Not true. When are Catholics going to start being honest about the bogus 30k+ denominations? Seems like this gets tossed out as if everyone accepts it is a proven fact when it is NOT. However many denominations there are under the “Protestant” umbrella by no means implies that every one has a different interpretation of Scripture. There are central, main tenets that make up what is called Christianity. There cannot possibly be 30,000 DIFFERENT interpretations or beliefs about those tenets - that’s ridiculous! I’d like to hear why there are hundreds or thousands of Catholic denominations then. Does it really mean there are that many differences in beliefs among them all? When an author has to state such a blatantly false statistic, then it calls into doubt anything else he might say. Sounds like pure propaganda to me! “

The much bandied numerical denominations you and others herein have mentioned come from a protestant, that is to say non-Catholic book. The fact that Catholics mention this number is one thing. The fact that the number has been used repeatedly in the various editions of that book and other similar ones is of course a seperate matter, and one you should take up with the author, if it is such a bother.

Whether you care for or wish to dispute the number of the denominations, they are, without question, many. And unlike your statement, there are NO Catholic denominations. There is ONE Catholic Church. There are a number of rites within the Catholic Church. A rite represents an ecclesiastical tradition about how the sacraments are to be celebrated. The beliefs are the same. For clarity, I will repeat this:

Whatever the number of the denominations one wishes to use, they do not believe exactly the same thing. PERIOD.

ALL of the rites of the Catholic Church BELIEVE THE SAME THINGS. Unlike the denominations, they are ONE. This is because they are the Church founded by Our Lord, Jesus Christ Himself.

A bit from scriptureCatholic on that:

“Matt. 5:14 - Jesus says a city set on a hill cannot be hidden, and this is in reference to the Church. The Church is not an invisible, ethereal, atmospheric presence, but a single, visible and universal body through the Eucharist. The Church is an extension of the Incarnation.
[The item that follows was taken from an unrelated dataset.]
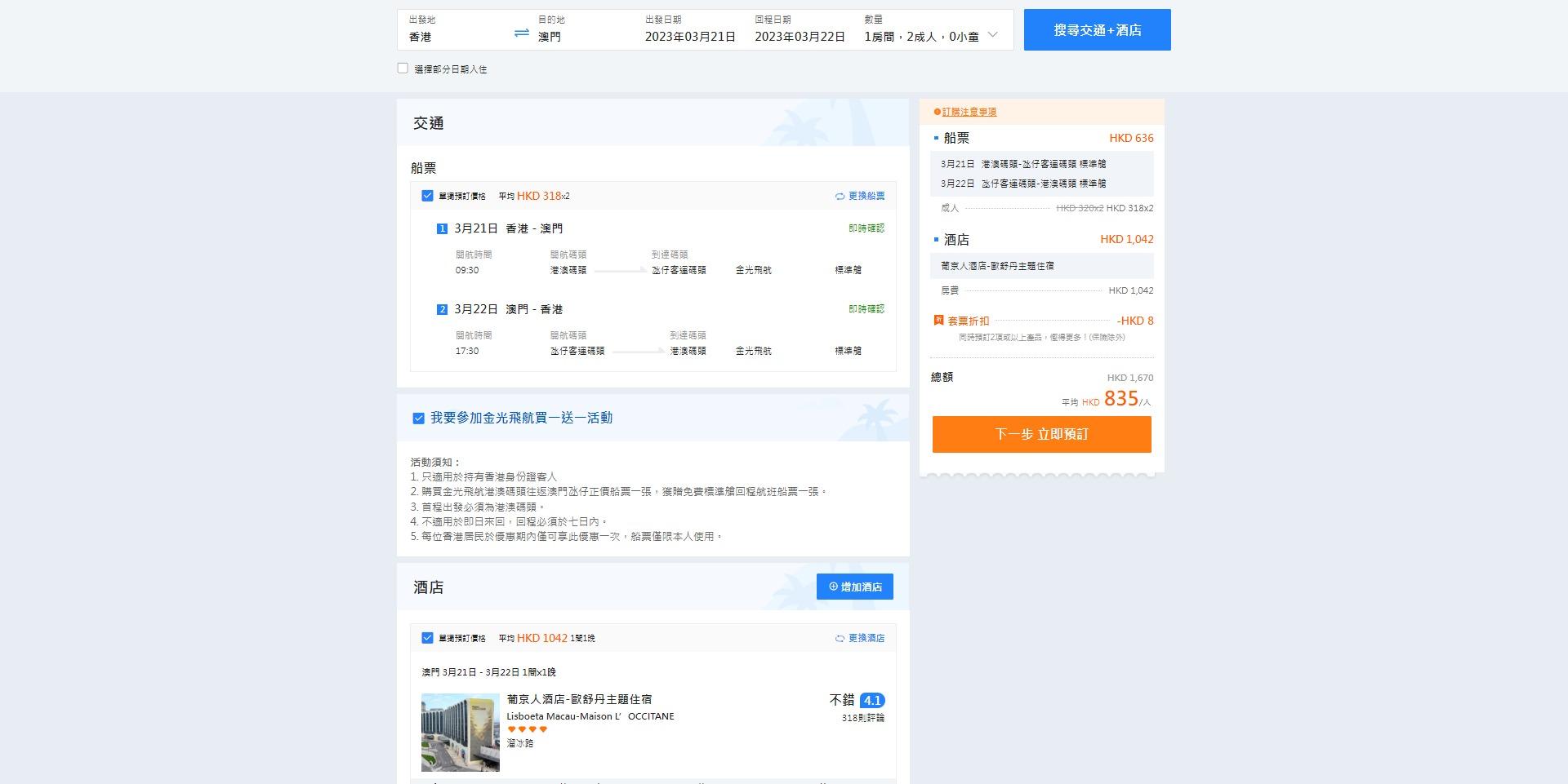 之後再加上香港居民專享的金光飛航船票買去程送回程優惠,雙人去程船票$318,所以入住葡京人主題住宿高級大床房連早餐及船票合並$1,319,計番人均只需$660;而歐舒丹主題住宿連船票則人均低至$676,不過就無包早餐,呢個價位肯定是近期最抵!不過要留意,每名香港居民只能用一次船票買一送一優惠,如果你早前已經用過這個優惠去澳門,今次就買不到這款套票了。

Matt. 12:25; Mark 3:25; Luke 11:17 - Jesus says a kingdom divided against itself is laid waste and will not stand. This describes Protestantism and the many thousands of denominations that continue to multiply each year.

Matt. 16:18 - Jesus says, “I will build my ‘Church’ (not churches).” There is only one Church built upon one Rock with one teaching authority, not many different denominations, built upon various pastoral opinions and suggestions.

Matt. 16:19; 18:18 - Jesus gave the apostles binding and loosing authority. But this authority requires a visible Church because “binding and loosing” are visible acts. The Church cannot be invisible, or it cannot bind and loose.

John 10:16 - Jesus says there must only be one flock and one shepherd. This cannot mean many denominations and many pastors, all teaching different doctrines. Those outside the fold must be brought into the Church.

John 17:11,21,23 - Jesus prays that His followers may be perfectly one as He is one with the Father. Jesus’ oneness with the Father is perfect. It can never be less. Thus, the oneness Jesus prays for cannot mean the varied divisions of Christianity that have resulted since the Protestant reformation. There is perfect oneness only in the Catholic Church.

John 17:9-26 - Jesus’ prayer, of course, is perfectly effective, as evidenced by the miraculous unity of the Catholic Church during her 2,000 year history.

John 17:21 - Jesus states that the visible unity of the Church would be a sign that He was sent by God. This is an extremely important verse. Jesus tells us that the unity of the Church is what bears witness to Him and the reality of who He is and what He came to do for us. There is only one Church that is universally united, and that is the Catholic Church. Only the unity of the Catholic Church truly bears witness to the reality that Jesus Christ was sent by the Father.

Rom. 15:5 - Paul says that we as Christians must live in harmony with one another. But this can only happen if there is one Church with one body of faith. This can only happen by the charity of the Holy Spirit who dwells within the Church.

Rom. 16:17 - Paul warns us to avoid those who create dissensions and difficulties. This includes those who break away from the Church and create one denomination after another. We need to avoid their teaching, and bring them back into the one fold of Christ.

1 Cor. 1:10- Paul prays for no dissensions and disagreements among Christians, being of the same mind and the same judgment. How can Protestant pastors say that they are all of the same mind and the same judgment on matters of faith and morals?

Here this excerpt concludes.